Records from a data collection
[Start of section]
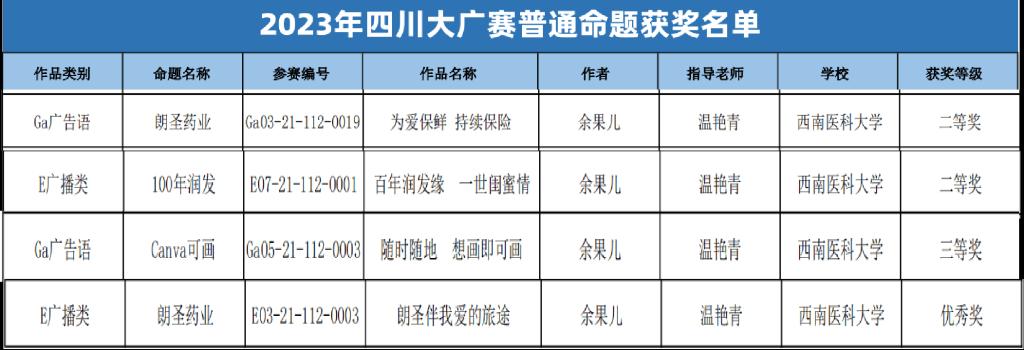 全国大学生广告艺术大赛(以下简称“大广赛”)由教育部高等教育司指导,教育部高等学校新闻传播学类专业教学指导委员会、中国高等教育学会广告教育专业委员会共同主办,是全国规模大、覆盖高等院校广、参与师生人数多、作品水准高的国家级学科A类竞赛,自2005年开始,大广赛已经连续举办18年。据悉,本届全国大广赛四川(西藏)赛区共有100余所院校参加,共收到全省各院校作品近9000件。余果儿同学的作品《百年润发缘 一世闺蜜情》(作品类别:E广播类)、《为爱保鲜 持续保险》(作品类别:Ga广告语)分别获二等奖;《随时随地 想画即可画》(作品类别:Ga广告语)获三等奖;《朗圣伴我爱的旅途》(作品类别:E广播类)获优秀奖。
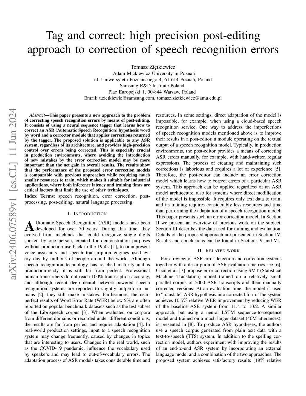 This paper presents a new approach to the problem of correcting speech recognition errors by means of post-editing. It consists of using a neural sequence tagger that learns how to correct an ASR (Automatic Speech Recognition) hypothesis word by word and a corrector module that applies corrections returned by the tagger. The proposed solution is applicable to any ASR system, regardless of its architecture, and provides high-precision control over errors being corrected. This is especially crucial in production environments, where avoiding the introduction of new mistakes by the error correction model may be more important than the net gain in overall results. The results show that the performance of the proposed error correction models is comparable with previous approaches while requiring much smaller resources to train, which makes it suitable for industrial applications, where both inference latency and training times are critical factors that limit the use of other techniques.
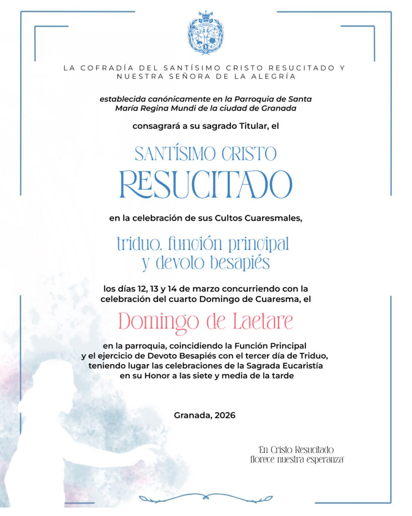 La Cofradía del Santísimo Cristo Resucitado y Nuestra Señora de la Alegría, establecida canónicamente en la parroquia de Santa María Regina Mundi de Granada, celebrará los próximos días 12, 13 y 14 de marzo sus cultos cuaresmales en honor a su Sagrado Titular, el Santísimo Cristo Resucitado. Los cultos consistirán en la celebración de un Solemne Triduo, que culminará con la Función Principal y el devoto besapiés a la sagrada imagen.
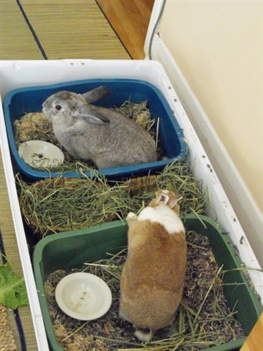 Rabbits LIKE to eat and poo/pee at the same time – which is why in my picture you see them with the hay and litter very close by. It is natural for them to be sitting there, eating hay and pooping. This is why I now have the hay sitting in the front of the litter boxes. They just like to sit there and munch away!
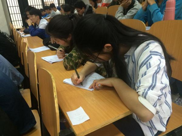 认真答题的同学
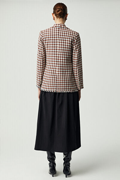 MERAN Women's Jacket Collar Long Sleeve Button Detailed Tweed Orange Jacket
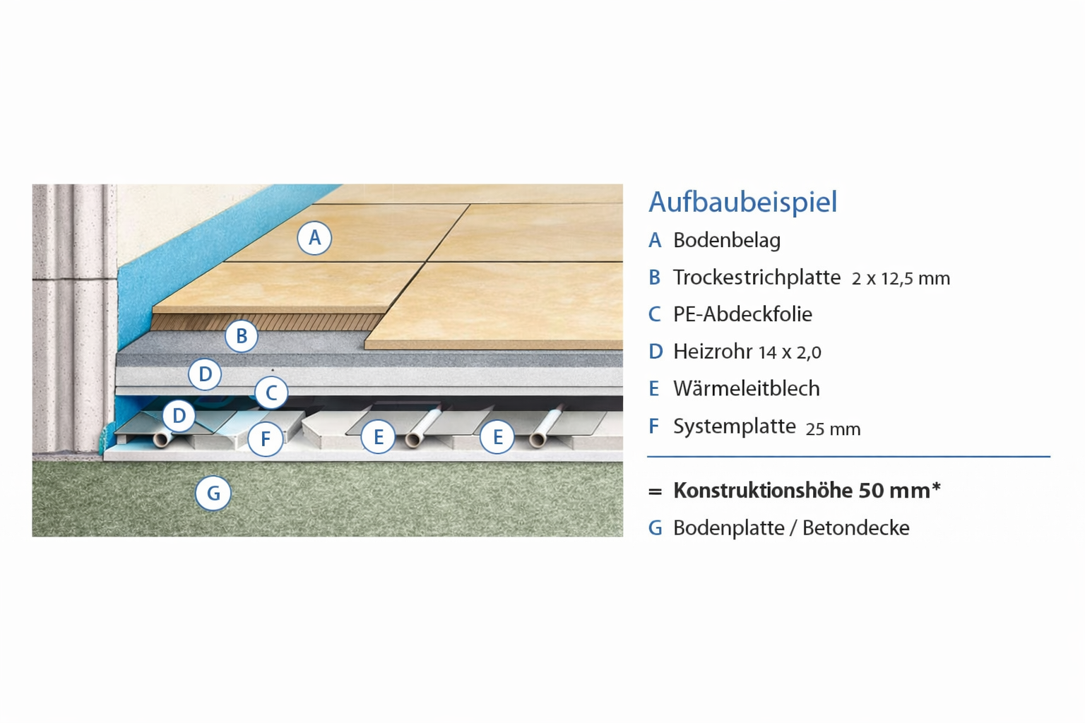 Das flexible Trockenbausystem überzeugt durch geringe Aufbauhöhe, minimalem Gewicht sowie optimaler Wärmeverteilung. Einfache Plattenverbindung durch einfügende Steckverbindungen („Puzzle-Verbindung"). Maße (Nutzfläche): 1000 mm x 750 mm. Dadurch halten die Platten untereinander besser und sind einfacher zu verlegen.
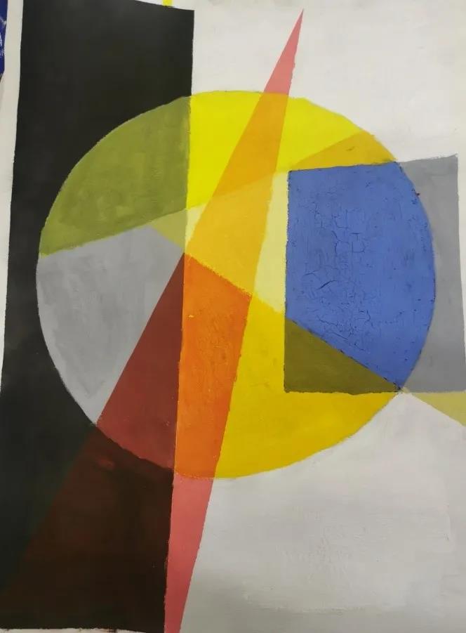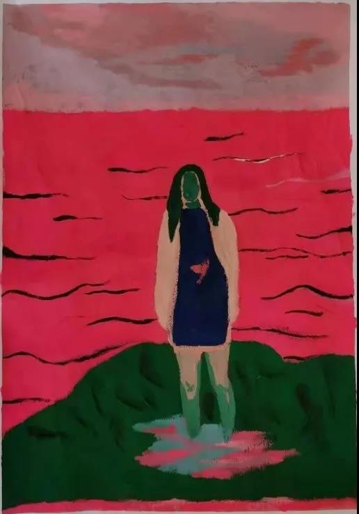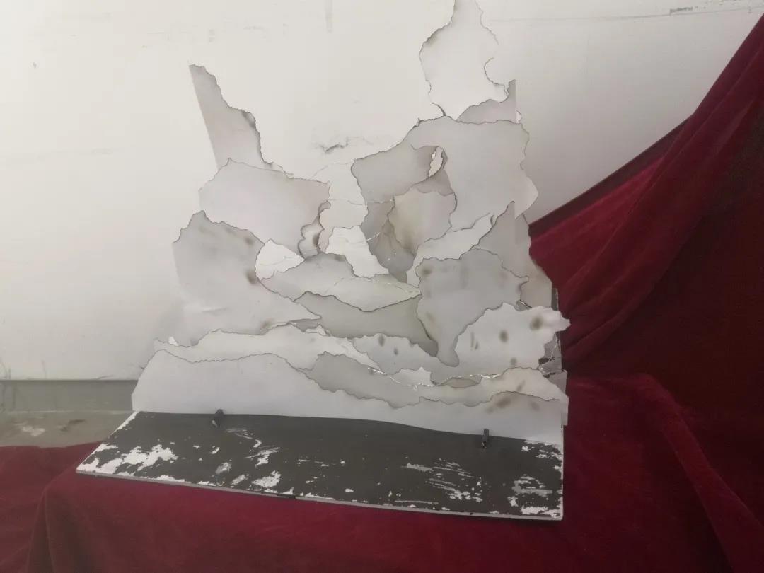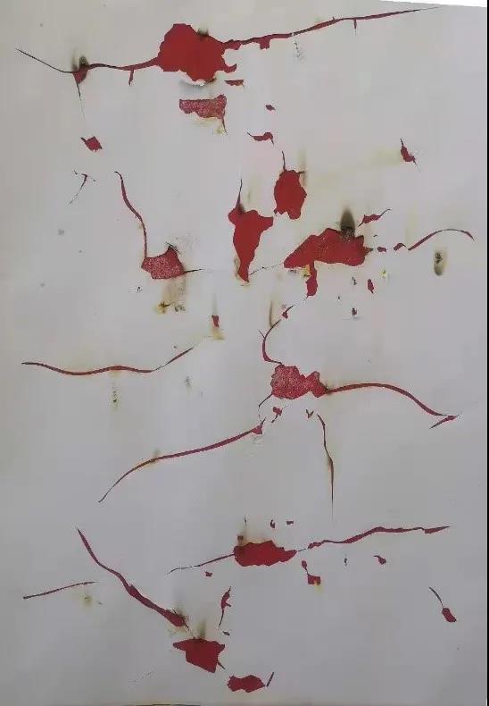不同于用普通画笔绘画,这副画一张纸采用刀刻的方法绘制,一张纸大面积用红色铺底,两张纸合而为一,用刀刮出随意与破碎感,再用火烧的方式增加色彩感与破旧感,并且加入了白色与金色的细沙石。
[End of section]
-- Task to complete --
Write the lines above out again exactly, excluding every picture.

-- Answer box --
 全国大学生广告艺术大赛(以下简称“大广赛”)由教育部高等教育司指导,教育部高等学校新闻传播学类专业教学指导委员会、中国高等教育学会广告教育专业委员会共同主办,是全国规模大、覆盖高等院校广、参与师生人数多、作品水准高的国家级学科A类竞赛,自2005年开始,大广赛已经连续举办18年。据悉,本届全国大广赛四川(西藏)赛区共有100余所院校参加,共收到全省各院校作品近9000件。余果儿同学的作品《百年润发缘 一世闺蜜情》(作品类别:E广播类)、《为爱保鲜 持续保险》(作品类别:Ga广告语)分别获二等奖;《随时随地 想画即可画》(作品类别:Ga广告语)获三等奖;《朗圣伴我爱的旅途》(作品类别:E广播类)获优秀奖。
 This paper presents a new approach to the problem of correcting speech recognition errors by means of post-editing. It consists of using a neural sequence tagger that learns how to correct an ASR (Automatic Speech Recognition) hypothesis word by word and a corrector module that applies corrections returned by the tagger. The proposed solution is applicable to any ASR system, regardless of its architecture, and provides high-precision control over errors being corrected. This is especially crucial in production environments, where avoiding the introduction of new mistakes by the error correction model may be more important than the net gain in overall results. The results show that the performance of the proposed error correction models is comparable with previous approaches while requiring much smaller resources to train, which makes it suitable for industrial applications, where both inference latency and training times are critical factors that limit the use of other techniques.
 La Cofradía del Santísimo Cristo Resucitado y Nuestra Señora de la Alegría, establecida canónicamente en la parroquia de Santa María Regina Mundi de Granada, celebrará los próximos días 12, 13 y 14 de marzo sus cultos cuaresmales en honor a su Sagrado Titular, el Santísimo Cristo Resucitado. Los cultos consistirán en la celebración de un Solemne Triduo, que culminará con la Función Principal y el devoto besapiés a la sagrada imagen.
 Rabbits LIKE to eat and poo/pee at the same time – which is why in my picture you see them with the hay and litter very close by. It is natural for them to be sitting there, eating hay and pooping. This is why I now have the hay sitting in the front of the litter boxes. They just like to sit there and munch away!
 认真答题的同学
 MERAN Women's Jacket Collar Long Sleeve Button Detailed Tweed Orange Jacket
 Das flexible Trockenbausystem überzeugt durch geringe Aufbauhöhe, minimalem Gewicht sowie optimaler Wärmeverteilung. Einfache Plattenverbindung durch einfügende Steckverbindungen („Puzzle-Verbindung"). Maße (Nutzfläche): 1000 mm x 750 mm. Dadurch halten die Platten untereinander besser und sind einfacher zu verlegen.
不同于用普通画笔绘画,这副画一张纸采用刀刻的方法绘制,一张纸大面积用红色铺底,两张纸合而为一,用刀刮出随意与破碎感,再用火烧的方式增加色彩感与破旧感,并且加入了白色与金色的细沙石。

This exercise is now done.